You held the position of US vice-president and then opened your organization to solve the climate crisis. My question is, how did your tenure as vice-president alert you to the issue of climate change?
versatile_satsuma from Beit Hanoun Prep Girls A School, Occupied Palestinian Territory
Thank you for your question, versatile_satsuma! I have been working on the issue of climate change for a long time. It was my college professor, the great climate scientist Roger Revelle, who opened my eyes back in the 1960s to the potential and irreversible harm posed by the climate crisis. Ever since I was elected to Congress in the 1970s, I have been working to find ways to help bring attention to the climate crisis and the ways to solve it. During my time in the U.S. Congress, I held the first hearings on climate change. Back then, when I asked my fellow Members of Congress about the climate crisis, the most frequent response I received was “what crisis?”

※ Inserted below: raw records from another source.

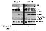 Mos is able to activate MAPK and Rsk in stage IV oocytes but does not promote MPF activation. Stage IV and stage VI oocytes were injected with mouse Mos mRNA. After overnight incubation, they were incubated or not in the presence of progesterone. Stage IV oocytes were collected 4 hours after GVBD occurred in stage VI oocytes. Oocyte extracts were western blotted with antibodies against Rsk, Cdc25, Xenopus Mos (XeMos), the active phosphorylated form of MAPK (P-MAPK), the Tyr15-phosphorylated form of Cdc2 (P-Tyr-Cdc2), cyclin B1 and cyclin B2.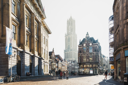 UTRECHT, NETHERLANDS - MARCH 03, 2014:: People walking on the old town street, in front of the Dom Tower. Cathedral (Dom) tower is the symbol of the city and the tallest church tower in Netherlands.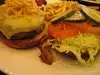 Seasonal burger with jalapeños and a volcano sushi roll. The burger was juicy and smoky and tasted amazing, sushi was fresh and excellent.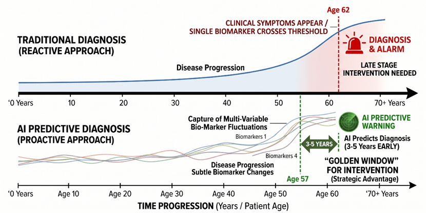 Figure 6: Timeline Comparison of Traditional vs. AI-Predictive Diagnostics and the “Golden Window” for Intervention.
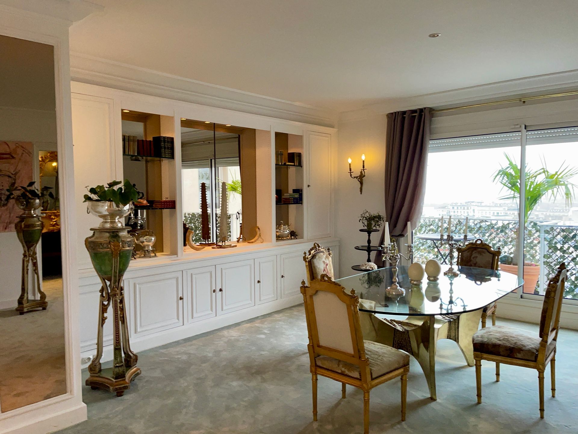 Paris Indulgence is an enormous and hyper-elegant 2 bedroom, 2 bathroom apartment, with separate dining room, double living room, private study which converts to third bedroom, to sleep 4 in comfort, all with terraces to extend their space, light, and views, Graced with art, elegantly furnished, and situated in 16th arrondissement. Both Eiffel Tower and Arch de Triumph views are the jewels in the crown.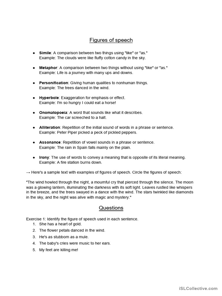 → Here's a sample text with examples of figures of speech. Circle the figures of speech: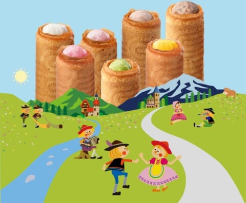 1962年に千鳥屋が発売した「チロリアン」は、オーストリアのチロル州に古くから伝わる伝統的なレシピで焼き上げたロールクッキーに、独自のクリームを詰めることで親しまれてきました。福岡の土産菓子として、また家庭のお菓子として、幅広い世代に支持されています。

As Vice President, I was fortunate to work with and learn from even more scientists who studied everything from forest fires, to sea-level rise, to changes in the weather. But one of the most important things I learned during my time in government was the importance of people power—and especially the power of young people to be strong voices for change. Whenever I heard from the people who were facing some of the first impacts of the climate crisis, their stories filled me with purpose and energy to work to help solve the challenges they were facing.